Feel Me integrates physical theatre, projection and music to explore empathy through the lens of discussions and depictions of forced displacement. The play innovatively incorporates audience interaction via mobile phones, making an astute observation on our culture’s (often detrimental) over-reliance on phones for connection, communication and information. 

Unfortunately as the play moves into discussing forced displacement this insightful perceptiveness dwindles. Feel Me is a self-proclaimed ‘interrogation of empathy’ but instead felt more declarative, perhaps better suited to younger school children newly encountering the concepts of empathy and refugees, instead of the recommended audience of 13+. Tracking the audience’s empathetic development by asking how connected we felt to forced displacement at the beginning and end of the play is, in theory, an innovative idea. However, in practice, embodying refugees in a collective, faceless, mostly wordless way didn’t do much work to connect the audience to the horrific process of forced displacement in any kind of personal way.
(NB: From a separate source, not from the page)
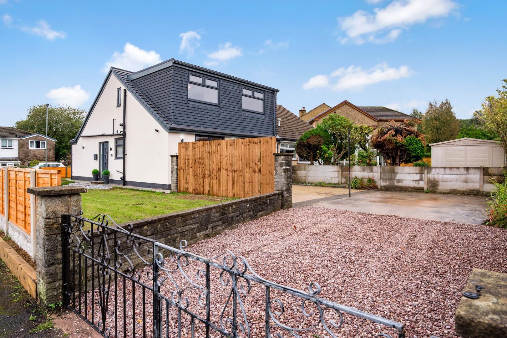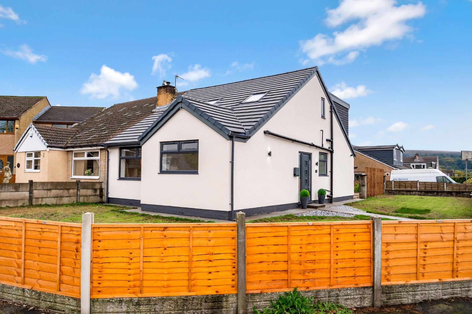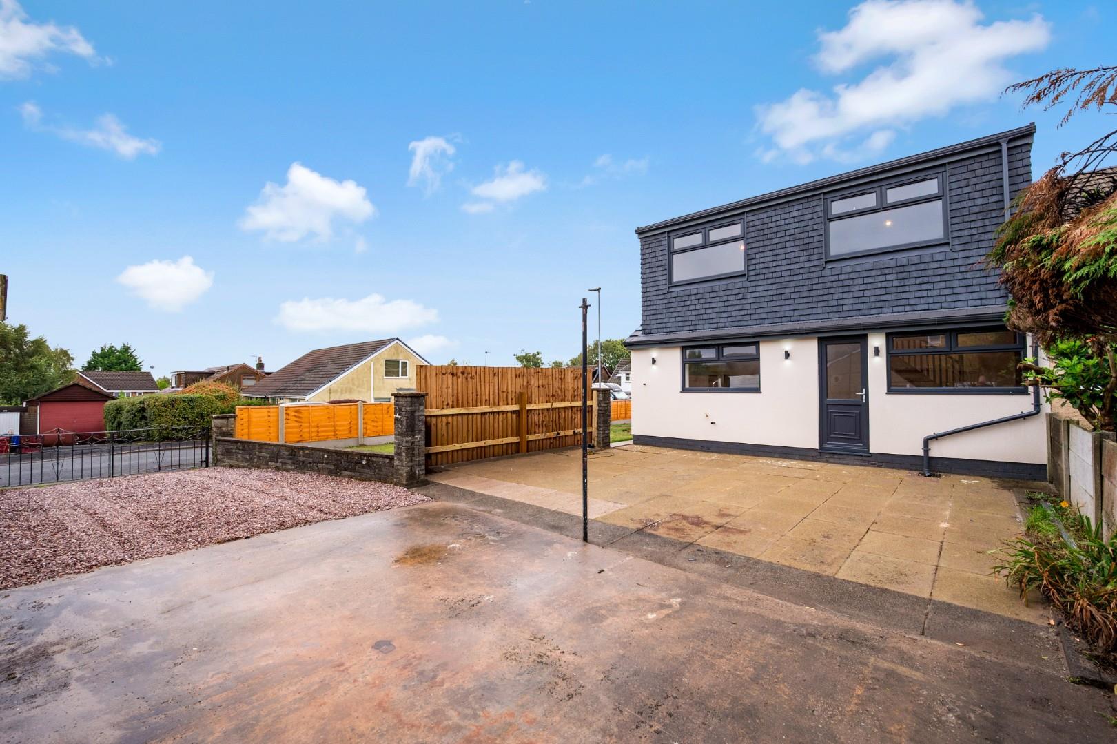 No chain! Situated on a large corner plot in a quiet cul-de-sac within the well-established residential area of Cranberry, Darwen, this semi-detached dormer bungalow has been fully renovated to create an impressive home which is ready to move into with new, high-quality fittings and finishes throughout.A brief overview of the ground floor accommodation includes an open plan kitchen, dining and living room, front lounge, spacious entrance hall with cloak store and separate downstairs WC, and a large double bedroom or versatile reception room. Upstairs are three more double bedrooms with an en-suite to the master, and a family bathroom. Externally the large corner plot features lawns to the front and side, a generous, paved back garden and a gated tandem drive.

It felt overly sanitised, with no real acknowledgment of the current atrocities forcing people from their homes or even mention of the word refugee, just the intellectualised, impersonal term ‘forced displacement’. Feel Me grounds their abstract storytelling with a few statistics, and whilst this would be a great educational tool for schools, it didn’t feel strong enough for an older audience.

At times, Feel Me veers into tonally deaf territory, with an uncomfortable combination of video game esque elements within the acted-out process of forced displacement. The audience votes on what shoes the actors wear as they become refugees and, as the play progresses, the characters march and jump on beat to change the background scenery, mimicking the journey from escaping their homes. It was very reminiscent of a video game loading screen and whilst this could be a strategy of engaging a young child with a serious subject matter, it felt in poor taste and out of touch. 

There were many moments were the tone and artistic intent were difficult to read, in particular a strange analogy that seemed to be depicting forced displacement through a dancing toothbrush, string, a house of books and raining jigsaw pieces. Whilst it may not have been the intention, this scene provoked peals of laughter from the majority white audience which felt very dystopian considering the reality of  over a hundred million people forced to flee their homes each year. Fleshing out more ambiguous moments like this would definitely strengthen the play, and prevent the uneasy feeling I felt upon leaving the theatre.

The play is as its strongest in its moments of humorous satire. It pokes fun at the right-wing media’s ridiculous and blatantly untrue stories written to demonise refugees and they effectively use comedy to encourage the audience to question the agendas being pushed in the narratives presented by mainstream media. They touch on important points, like the impossible and unfair nature of the immigration system but then completely abandon it in a flurry of erratic movement sequences that undermine the potency of the political statement they could have made.

Ultimately, Feel Me, would benefit from stronger storytelling if its intended audience are people who have even a rudimentary awareness of empathy or forced displacement. Apart from statistics, the atrocities of forced displacement are skirted around, lost in a blur of white privilege as the audience dresses up and chooses the narrative of the nameless, collective refugee that actually has no bearing on how the play unfolds.  I think further grounding the play in reality would do their innovative, multimedia approach justice and create a much more impactful piece of theatre.